→ COLLECTED MATERIAL
=====

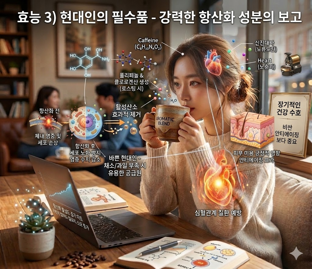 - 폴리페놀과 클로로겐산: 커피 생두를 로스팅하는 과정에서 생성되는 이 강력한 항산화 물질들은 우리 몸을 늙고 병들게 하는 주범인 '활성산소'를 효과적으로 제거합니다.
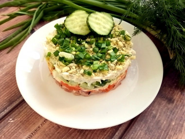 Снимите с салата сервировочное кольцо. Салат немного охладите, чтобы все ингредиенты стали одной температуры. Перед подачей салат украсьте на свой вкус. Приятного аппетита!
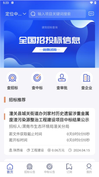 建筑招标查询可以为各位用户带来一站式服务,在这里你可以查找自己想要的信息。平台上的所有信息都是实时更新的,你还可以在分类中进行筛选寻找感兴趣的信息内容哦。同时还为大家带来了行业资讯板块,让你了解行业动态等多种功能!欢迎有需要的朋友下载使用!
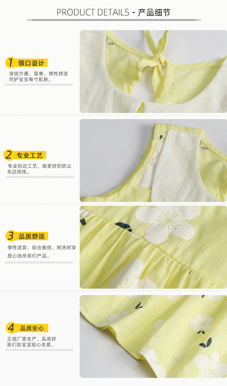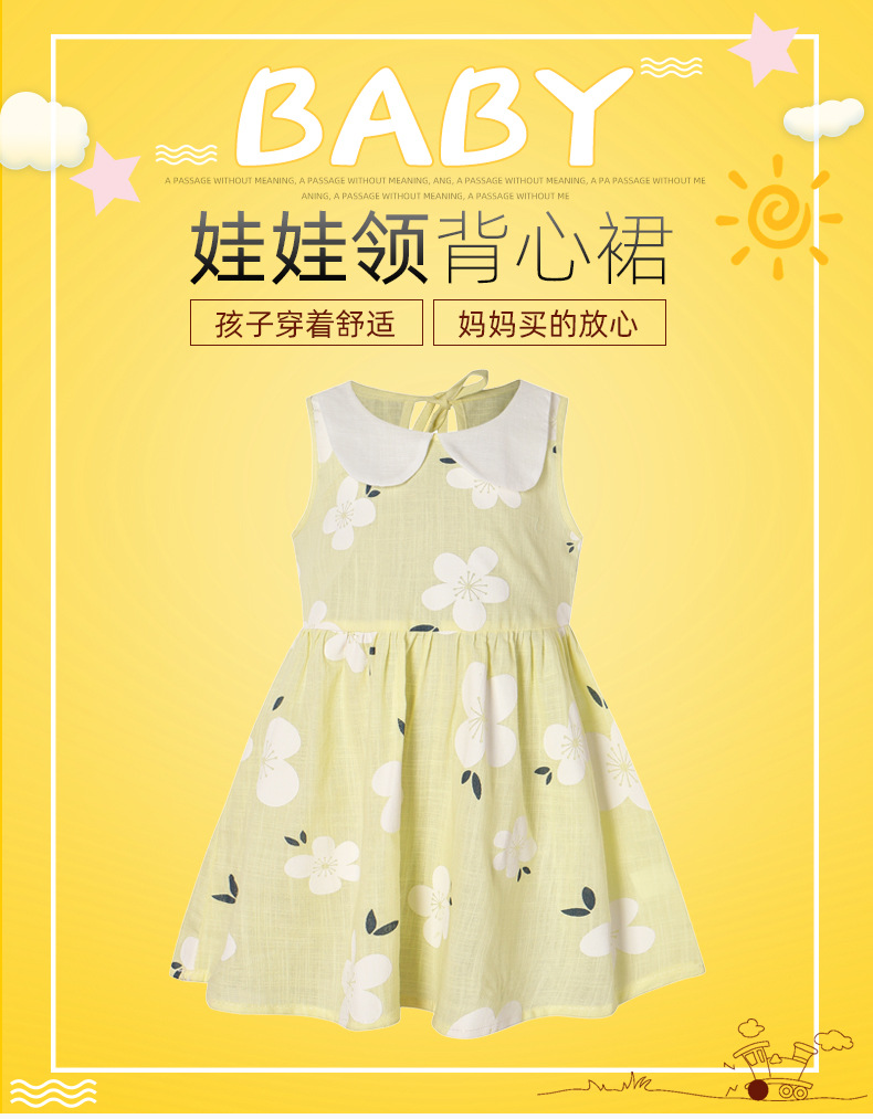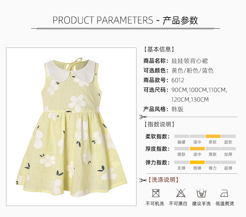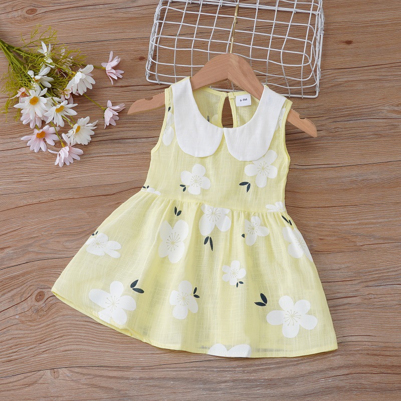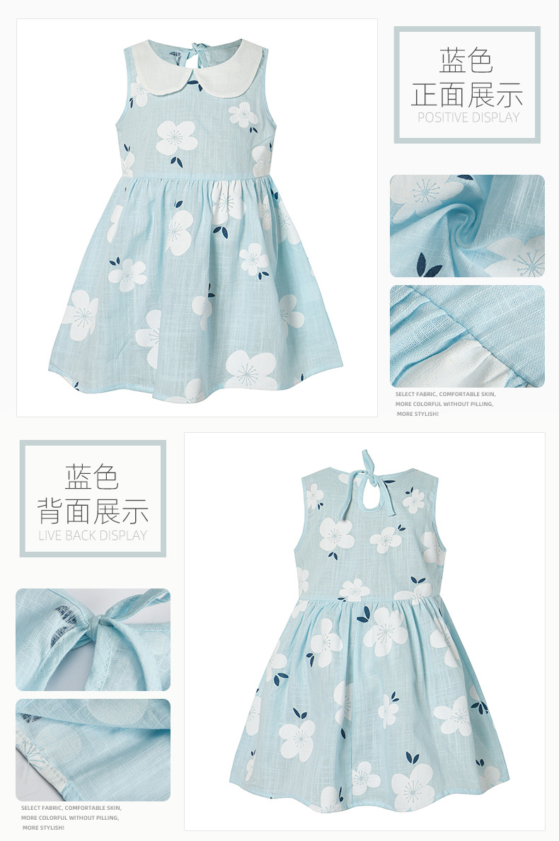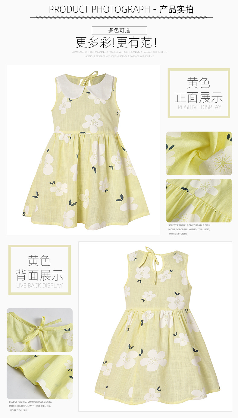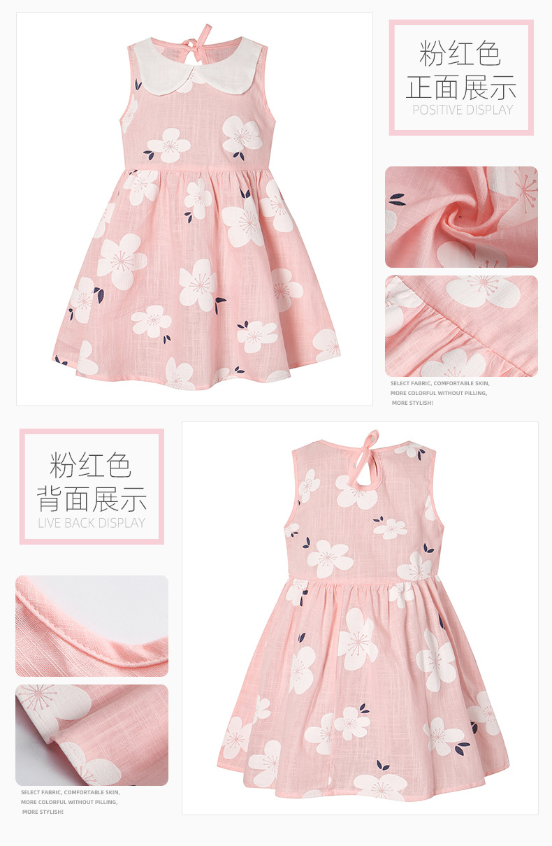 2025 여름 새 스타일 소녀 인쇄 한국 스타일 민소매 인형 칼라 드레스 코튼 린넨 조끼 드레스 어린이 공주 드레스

=====

→ GOAL OF THE EXERCISE
Would you retype exactly the lines running from the line that contains "建筑招标查询可以为各位用户带" through the end of the listing above, both included? Skip every picture.

→ WRITTEN SOLUTION
 建筑招标查询可以为各位用户带来一站式服务,在这里你可以查找自己想要的信息。平台上的所有信息都是实时更新的,你还可以在分类中进行筛选寻找感兴趣的信息内容哦。同时还为大家带来了行业资讯板块,让你了解行业动态等多种功能!欢迎有需要的朋友下载使用!
 2025 여름 새 스타일 소녀 인쇄 한국 스타일 민소매 인형 칼라 드레스 코튼 린넨 조끼 드레스 어린이 공주 드레스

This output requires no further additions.